Brother Wilkie, Mrs. Wilkie, and I were standing at the reception, admiring all of the Auburn fans in attendance. Brother Jon's wife is a HUGE supporter of the Atlanta Auburn Club, and I think the entire town of Ozark, AL was there for the wedding. The reception band came all the way up from Auburn, Alabama.
They even played War Eagle during the reception, and worked it into the wedding processional. I'm not lying, Auburn was in the house! Brother Jon is a diehard FSU fan, and did have a flaming spear on top of his groom's cake. There was SOME diversity.
Mrs. Wilkie said, "Ya know, I should go up to the new Mrs. Brother Jon and ask her if I can join the Atlanta Auburn Club. I like these people."
(NOTE: Mrs. Wilkie was born and raised in upstate New York. Trust me; it matters.)
Wilkie goes, "You don't need to join. Just say War Damn Eagle at the top of your lungs and you're in!"
Me, being the kindhearted person I am, and knowing that Mrs. Wilkie is not the biggest football fan in the world, I decided to offer my brand of advice.
"Mrs.
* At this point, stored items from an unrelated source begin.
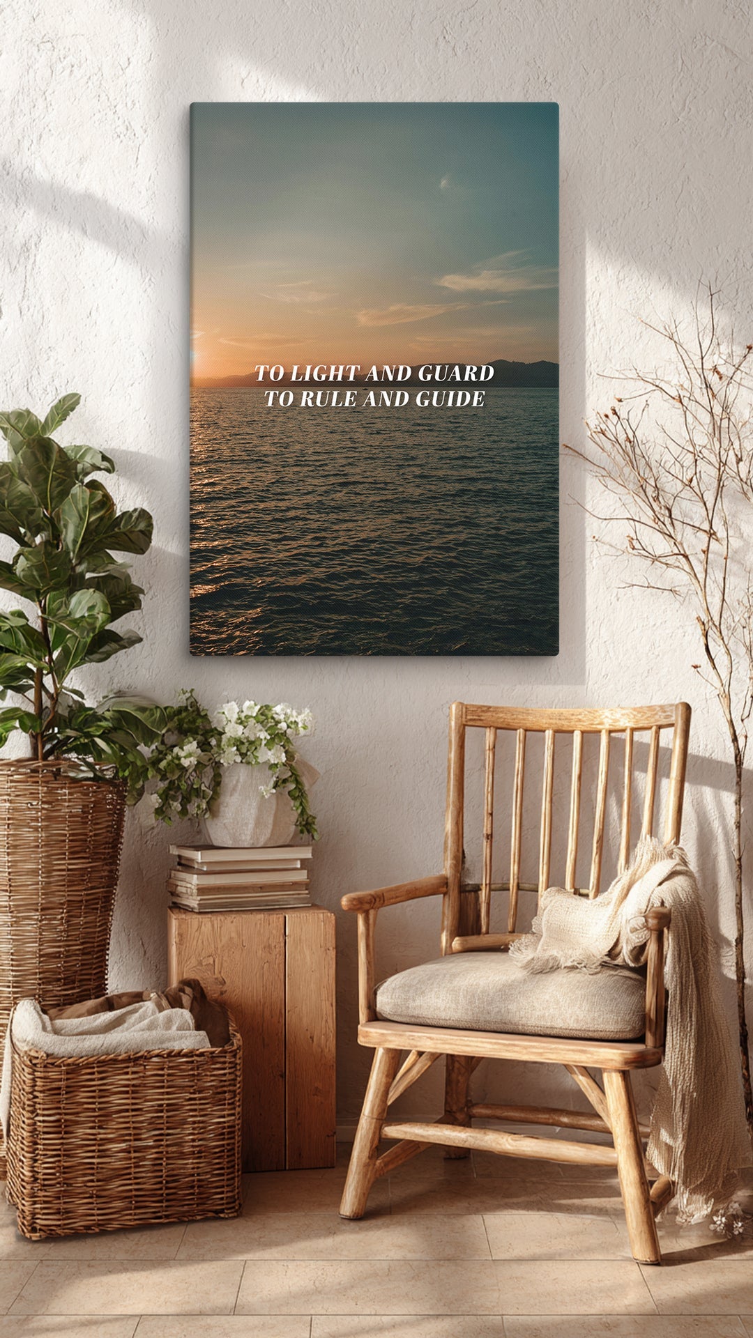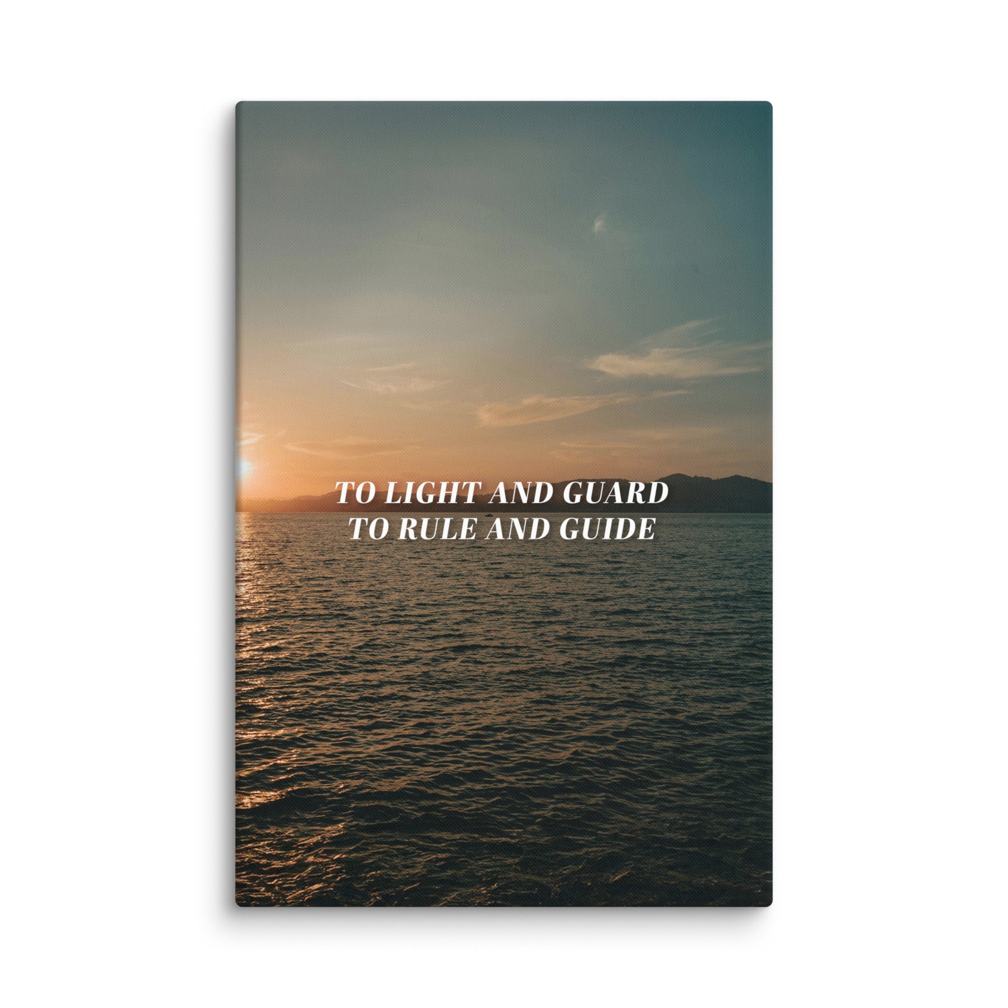 Set against a calm horizon at golden hour, the sea stretches outward while the light remains steady, symbolizing watchfulness, direction, and care. The phrase “To Light and Guard, To Rule and Guide” reflects a plea not for control, but for accompaniment: to be led, protected, and kept on the right path.
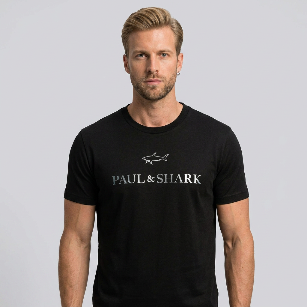 PAUL & SHARK T-SHIRT | טישירט פול אנד שארק לוגו פרינט | גברים | שחור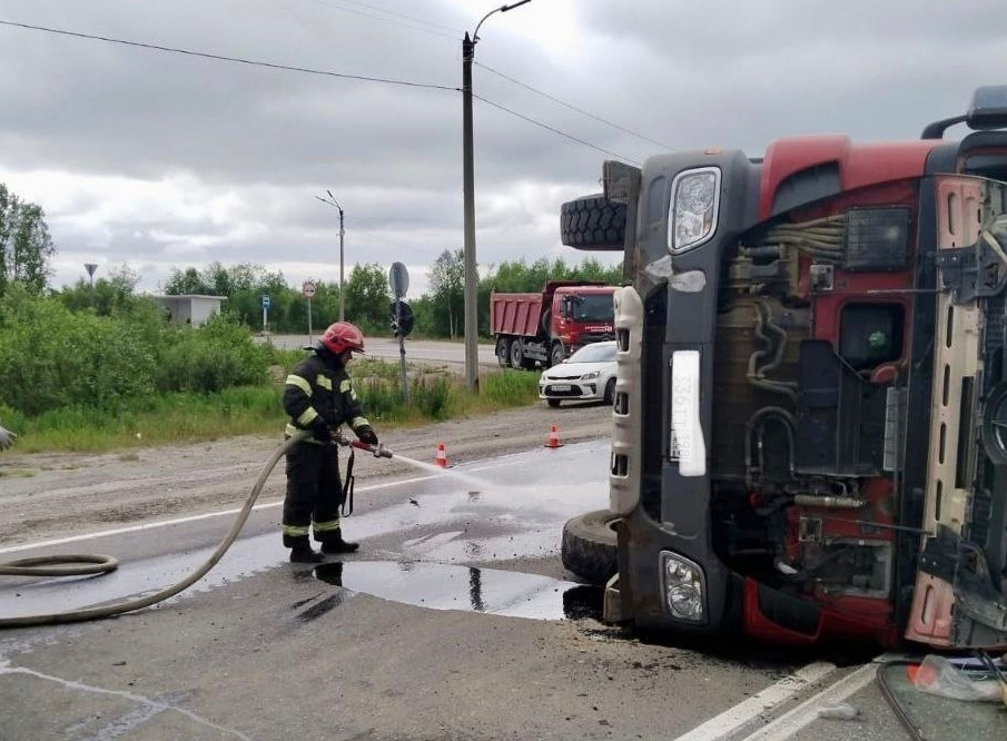 В обед в пятницу, 7 июля, на 13-м километре автодороги Апатиты-Кировск произошло опрокидывание грузового автомобиля Mercedes-Benz. Сообщение об этом поступило на пульт дежурного диспетчера пожарной охраны в 11.32.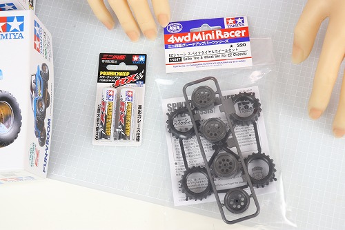 あと、オプションパーツとして、EZシャーシ用のスパイクタイヤ&ホイールと、ミニ四駆専用の単3乾電池も買いました。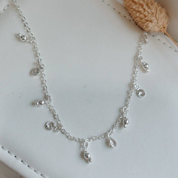 Diseño: Cadena con dijes colgantes de bolitas y cubic cristal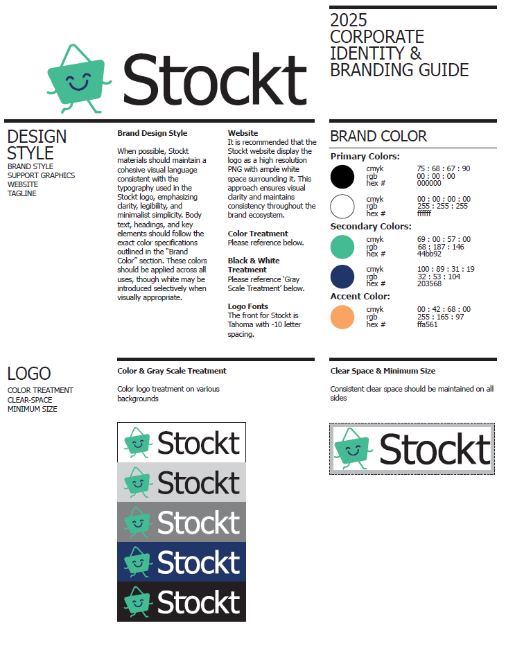 Worked with Marketing Director at Replenium to develop brand image for the creation of assets. Icon, wordmark, and brand standards designed by Lily Raines intended for use by Replenium for Stockt with Instacart.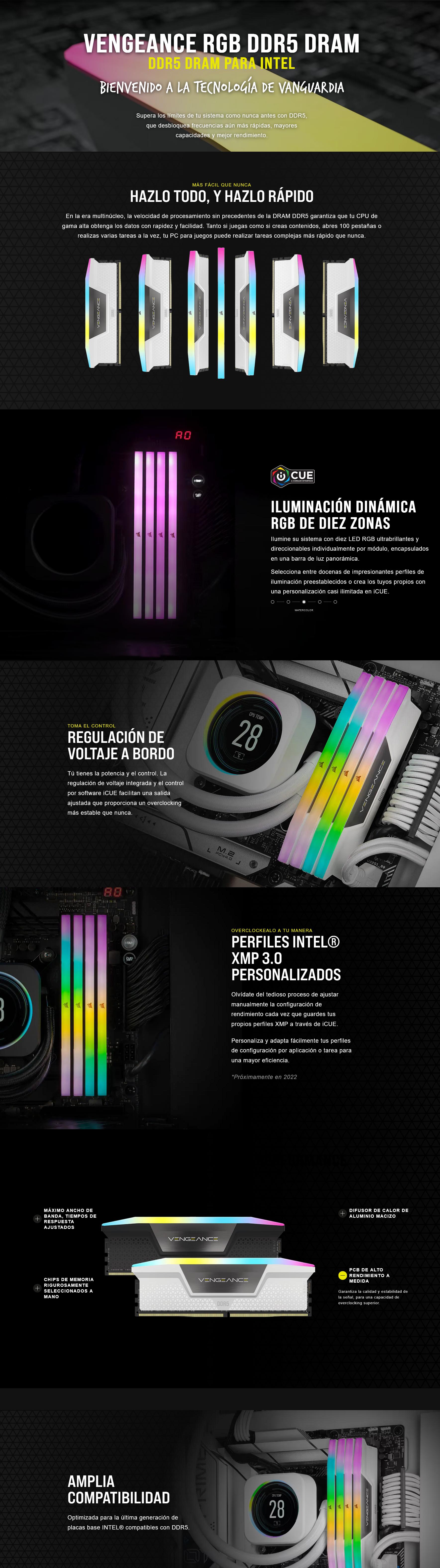 - Optimizado para el máximo ancho de banda y los tiempos de respuesta ajustados de las placas base Intel DDR5 más recientes.

Wilkie, here's the deal. all you have to do is walk up to any Auburn fan here, take in a deep breath, and say "Roll Tide!" as confidently as you can."
Wilkie immediately shot me a glance, and we both smiled. Mrs. Wilkie innocently said, "OK, I'll do that!"
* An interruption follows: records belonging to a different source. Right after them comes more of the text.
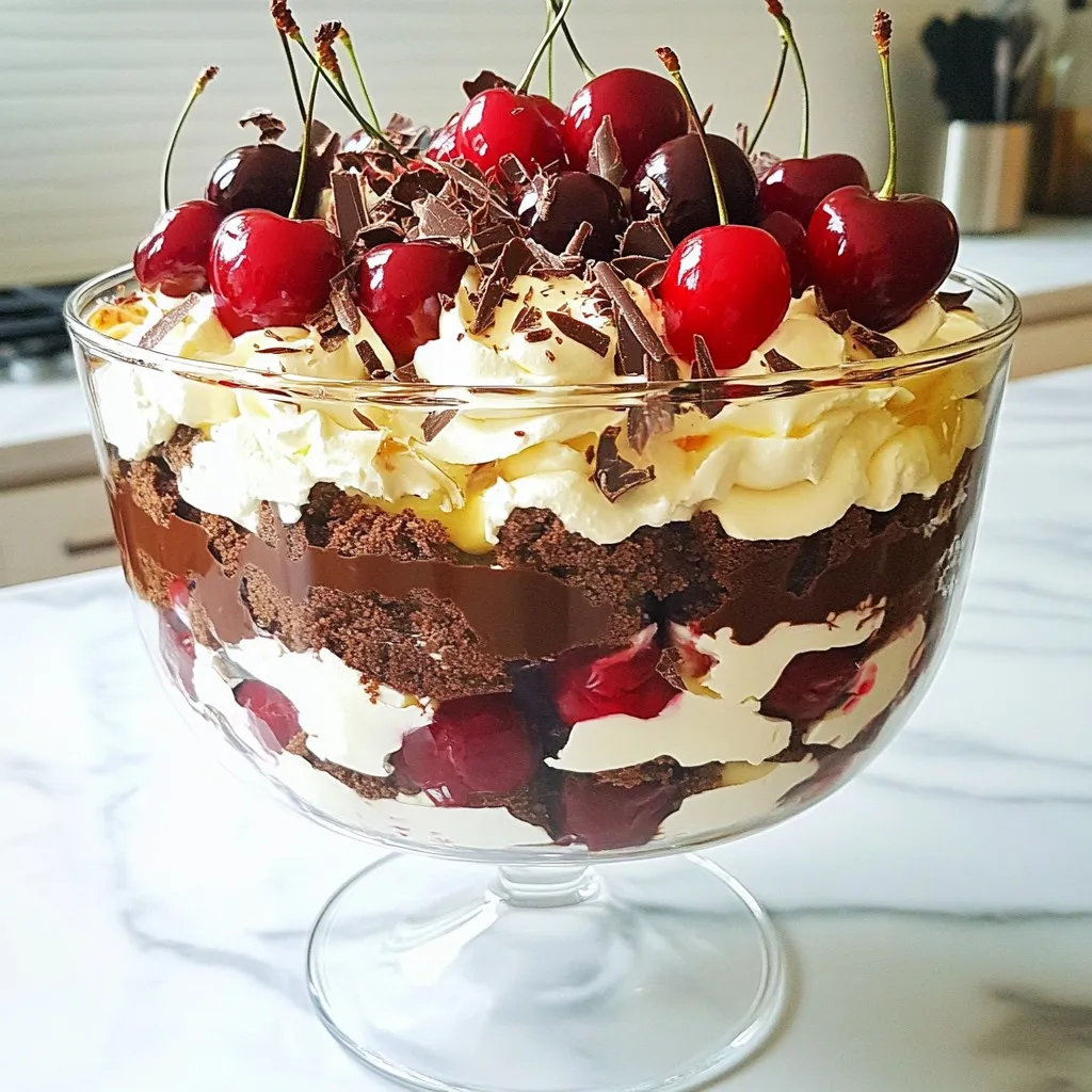 This Black Forest Trifle is a delight. It layers flavors that make your taste buds sing. You start with soft, crumbled chocolate cake. This cake can be store-bought or homemade. Next, you add fresh cherries. Their bright taste pairs well with chocolate.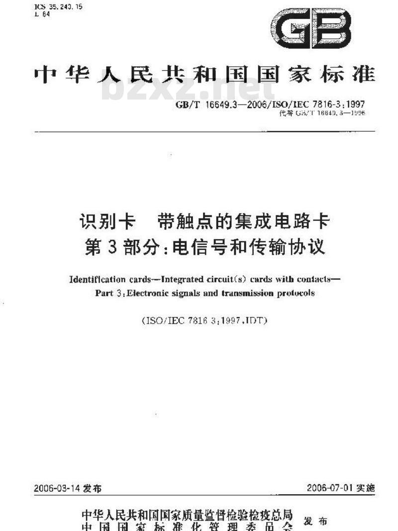- GB/T 16649.3-2006 识别卡 带触点的集成电路卡 第3部分:电信号和传输协议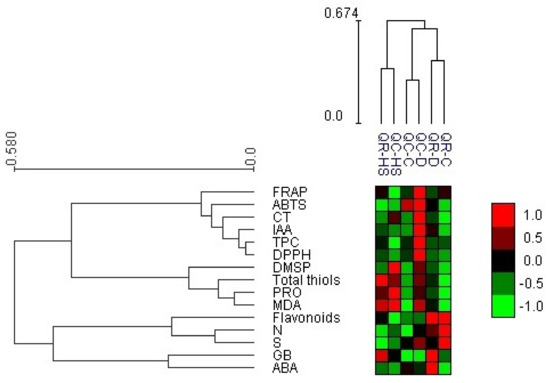 Findings by PCA and heat map cluster analysis almost completely matched the relationships between metabolites suggested by the correlation coefficients (Figure 8). For example, a high significant and positive correlation was found among oxidative stress markers (GSH, MDA) and osmolytes (DMSP and PRO) with correlation coefficients ranging from 0.73 to 0.80. Similar elevated correlation coefficients (i.e., ranging from 0.72 up to 0.95) were significantly found (p < 0.001) among the antioxidant parameters (DPPH, ABTS) and the content of phenolics and tannins.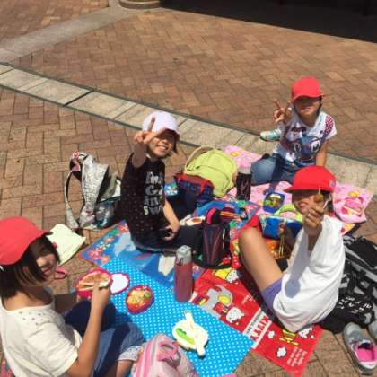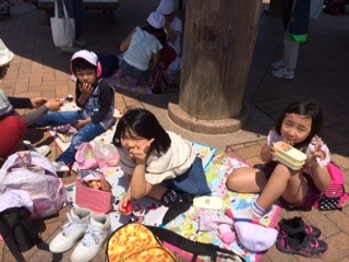 村野浄水場見学を終え、山田池公園に移動しました。待ちに待った昼食の時間です。

As I brandished a cheshire cat grin, a very well lubricated Auburn fan came up to Wilkie, pointed his finger at him, and said, "I heard what you said."
Wilkie immediately started backpedaling, saying "I said say War Eagle...I said say War Eagle...that wasn't me!"
Then the Toomer's Corner alum turned to Mrs. Wilkie and said, "It was you. I heard what you said."
With an innocent grin, Mrs. Wilkie said, "What did I say?"
The fan shared with Mrs. Wilkie that, "Those words...Roll Tide...have NEVER brought joy to anyone's hearts...you best stop saying those words."
At this point, Wilkie and I are literally in tears due to extreme laughter, as Mrs. Wilkie is now surrounded by Auburn faithful - getting an earful about why Auburn is better than Alabama. It was like blood in the water, and these Auburn fans were trying to convince Mrs. Wilkie (who kept saying, "I'm from New York...I don't care about football"...still with that innocent grin on her face). She let them talk...and talk...and talk...and we kept laughing our butts off.
Brother Phil comes up and asks what we're laughing so hard about.
"She's getting a crash course about the Iron Bowl!" Wilkie squeezes out between rolls of laughter (yes, I used that word on purpose).
I guess the moral of the story is this. If one is surrounded by Auburn fans, and there are adult beverages around, one must never ever mention "Roll Tide" - even in jest.
Unless you're saying you want them to roll the hell back to Tuscaloosa.
(NOTE: Everyone does know that Alabama just won back-to-back National Championships, right? And three out of the last four? Just saying...)
I'm sorry, Mrs. Wilkie. That was not the way I intended to show you the importance of the Iron Bowl.